Under the two-step analysis of Chevron, we determine
first “whether Congress has directly spoken to the precise
question at issue,” 467 U.S. at 842 -- here whether an
organization that does not represent statutory “employees” or
deal with statutory “employers” may be subject to the
LMRDA. “[I]f the statute is silent or ambiguous” on that
question, then we must defer to the agency’s interpretation --
here the Department’s reading of § 3(j)(5) -- so long as it is
“based on a permissible construction of the statute.” Chevron,
467 U.S. at 843. When an agency adopts a materially changed
interpretation of a statute, it must in addition provide a
“reasoned analysis” supporting its decision to revise its
interpretation. Motor Vehicle Mfrs. Ass’n of U.S., Inc. v. State
Farm Mut. Auto. Ins. Co., 463 U.S. 29, 57 (1983).
Not every agency interpretation of a statute is
appropriately analyzed under Chevron. That analysis is
applicable only “when it appears that Congress delegated
authority to the agency generally to make rules carrying the
force of law, and that the agency interpretation claiming
deference was promulgated in the exercise of that authority.”

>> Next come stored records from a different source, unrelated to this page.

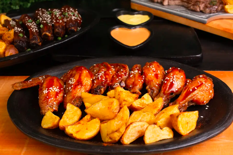 8 Piezas de alitas BBQ, acompañadas de papa criolla en cascos.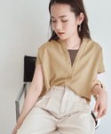 yumikoのシャツ/ブラウス「リネン混バンドカラーフレンチスリーブシャツ」を使ったコーディネート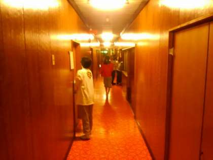 海辺にあるクラシカルな宿です。子どもたちは避難訓練を終え、夕食までしばし部屋で休息中。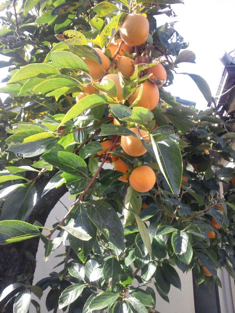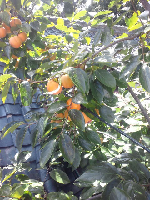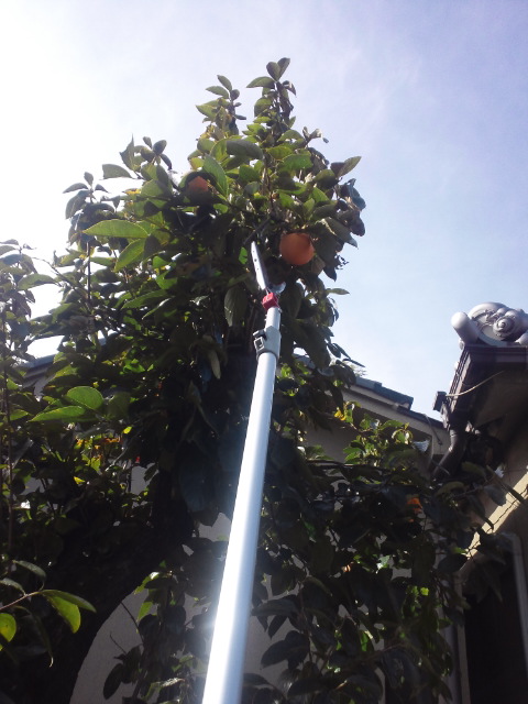 屋根のそばにある柿は、普通の剪定ハサミでチョキチョキ。

United States v. Mead Corp., 533 U.S. 218, 226-27 (2001).
11
A. Applicability of Chevron
Although the SEAs and SFTs prevailed when the district
court reviewed the Department’s rulemaking under Chevron,
on appeal the SEAs (alone) argue the Department had no
authority to “interpret” § 3(j)(5) because the “Congress
definitively established the scope of the LMRDA’s coverage
by expressly defining the term ‘labor organization’ as used in
the Act.” Therefore, the SEAs urge, the Department’s
rulemaking was “beyond the Chevron pale,” Mead, 533 U.S.
at 234, and hence entitled only to “respect proportional to its
‘power to persuade,’” id. at 235 (quoting Skidmore v. Swift &
Co., 323 U.S. 134, 140 (1944)).
The Department maintains the Congress expressly
delegated to it authority to resolve ambiguities in the Act,
including any in § 3. Specifically, the Department adverts to
§ 208 of the LMRDA, 29 U.S.C. § 438, which provides:
The Secretary shall have authority to issue, amend, and
rescind rules and regulations prescribing the form and
publication of reports required to be filed under this
subchapter and such other reasonable rules and regulations
... as he may find necessary to prevent the circumvention
or evasion of such reporting requirements.
According to the Department, it is authorized to delineate the
boundaries of the phrase “labor organization ... engaged in an
industry affecting commerce” in § 3(j)(5) precisely because
doing so is “necessary to prevent the circumvention ... of [the]
reporting requirements” of the Act. The Department also
maintains that because the Congress authorized it to bring civil
actions “as may be appropriate” to enforce the Act, 29 U.S.C.
§ 440, the Department may interpret § 3(j)(5) and other
provisions relevant to determining whether to bring a civil
12
action. Relatedly, the Department contends Mead is inapposite
because “the Secretary has the knowledge, judgment and
expertise necessary ... to resolve ambiguities and fill in gaps in
the statute.” Cf. Gonzales v. Oregon, 126 S.Ct. 904, 914-16
(2006) (no delegation of authority to Secretary of Health and
Human Services in Controlled Substances Act to make
decisions requiring medical expertise); Am. Bar Ass’n v. FTC,
430 F.3d 457, 471 (D.C. Cir. 2005) (no delegation of authority
to FTC in Gramm-Leach-Bliley Act to regulate the legal
profession).
We agree with the Department that its interpretation of §
3(j)(5) is reviewable under Chevron. That interpretation
clarifies the meaning of “labor organization ... engaged in an
industry affecting commerce” and therefore comes within its
express authority in § 208 to promulgate rules “prevent[ing]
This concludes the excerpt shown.